Sèvres–Lecourbe () is an elevated station of the Paris Métro serving line 6 at the intersection of several streets including the Rue de Sèvres and the Rue Lecourbe in the 15th arrondissement.

This station is one of a small number of elevated Paris Métro stations.  The tracks emerge from underground near the Pasteur station at Rue de Vaugirard and remain elevated through four more stations, crossing the Seine on Pont de Bir-Hakeim and descending underground west of the Seine near the Passy station. Visitors have excellent views of several notable landmarks from this station and its trains.

Location
Elevated above-ground, the station overlooks the Boulevard Garibaldi, west of the Place Henri-Queuille (intersects with the Rues de Sèvres and Lecourbe, Avenue de Breteuil and Boulevard Pasteur) location of the old Sevres gate of the Wall of the Farmers-General. Oriented Approximately along a north-west/south-east axis, it is situated between the Cambronne and Pasteur stations, it is also geographically close to the Ségur metro station on Line 10.

History
The station opened as part of the former Line 2 South on 24 April 1906, when it was extended from Passy to Place d'Italie. On 14 October 1907 Line 2 South was incorporated into Line 5. It was incorporated into line 6 on 12 October 1942.
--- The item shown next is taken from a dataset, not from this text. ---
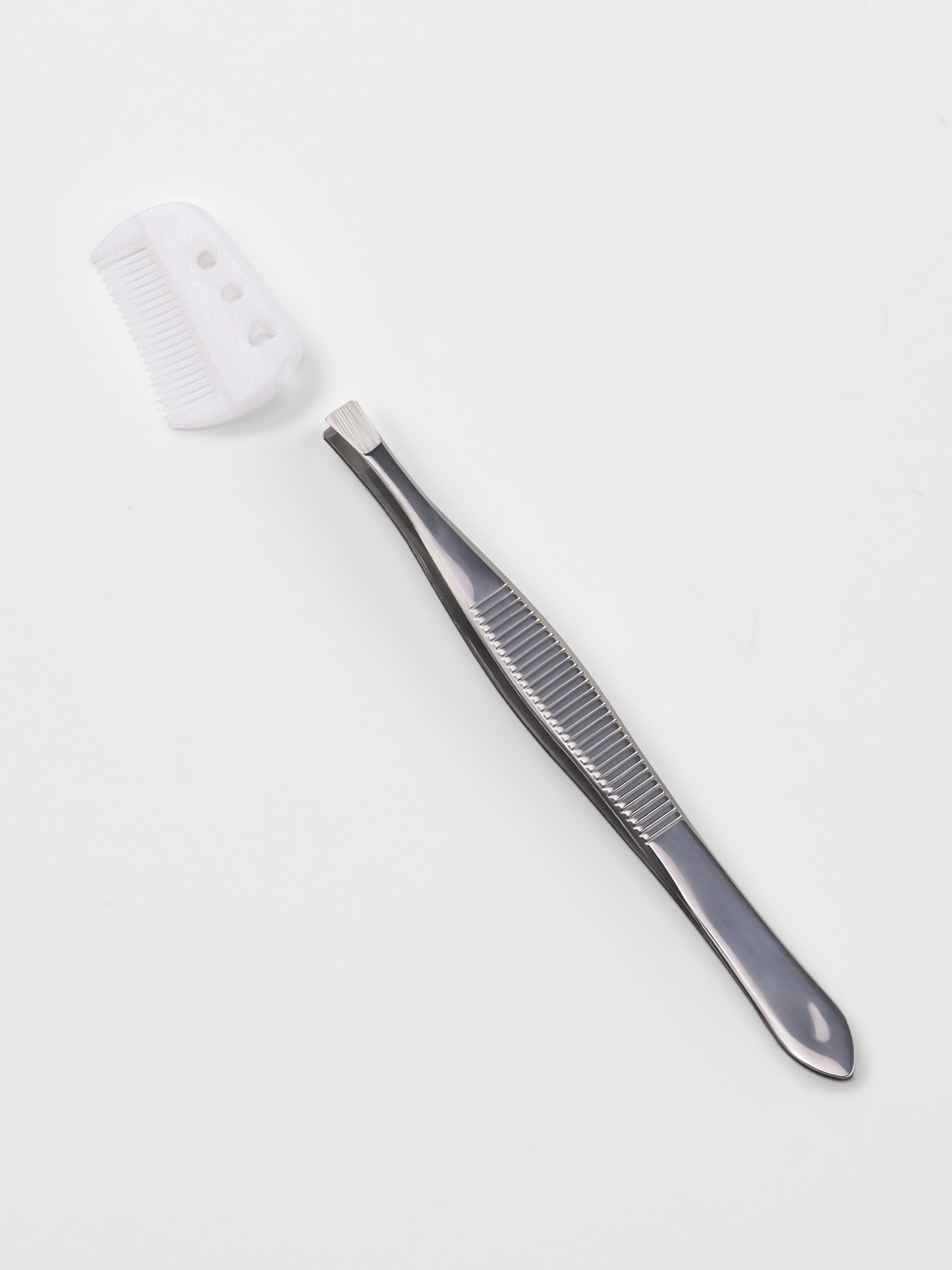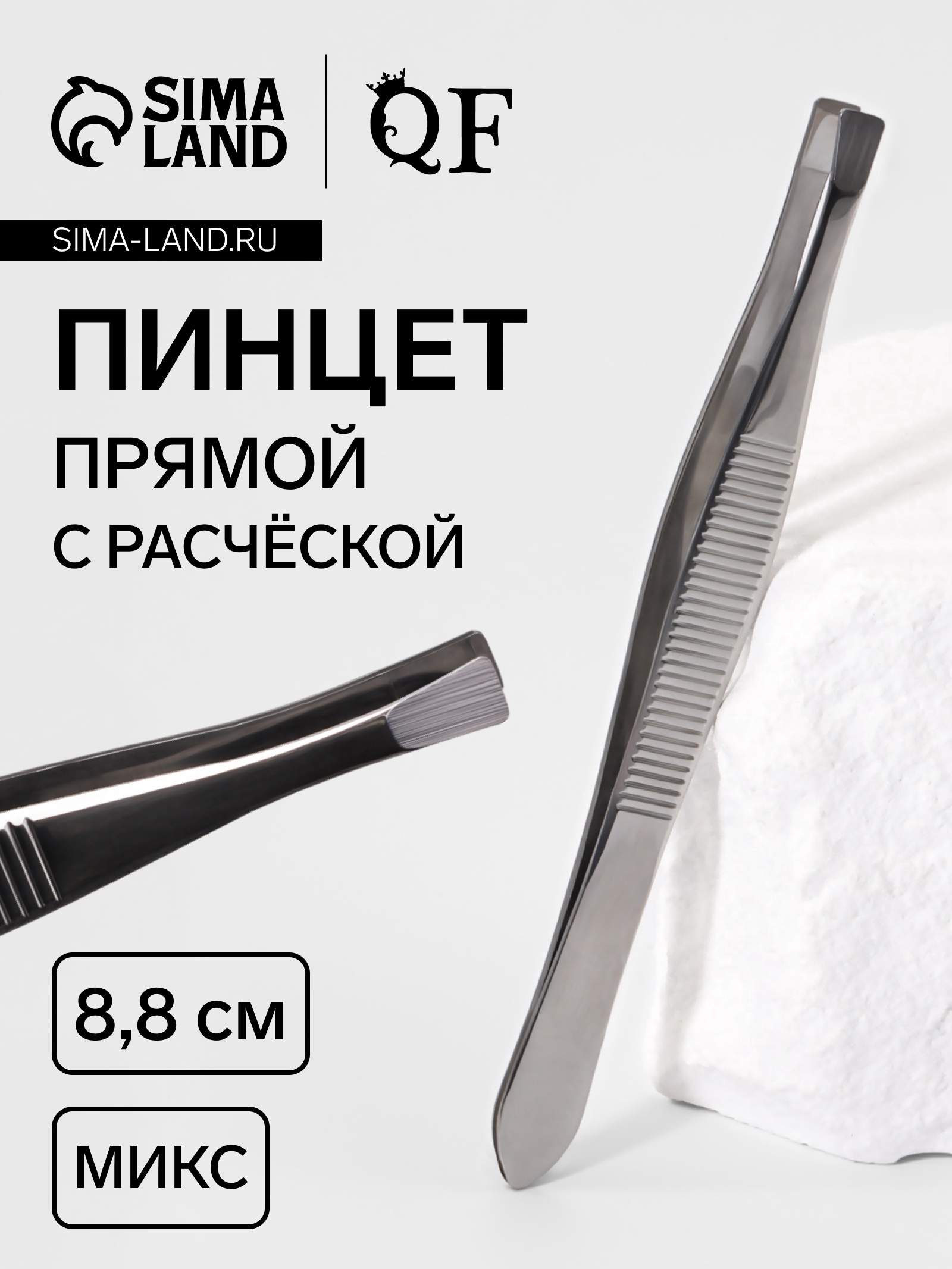 Пинцет прямой, узкий, с расчёской, 8.8 см, в чехле, микс

The Rue de Sèvres was the old road, originally Roman to the village of Sèvres, now a suburb of Paris. The Rue Lecourbe was named after General Claude Lecourbe (1758–1815) who fought in the French Revolution and for Napoleon. Until 1907, the station was called Suffren after the Avenue de Suffren, named after Admiral Pierre André Suffren (1729–1788), who fought the British aggressively during the Seven Years' War (1754 and 1756–1763).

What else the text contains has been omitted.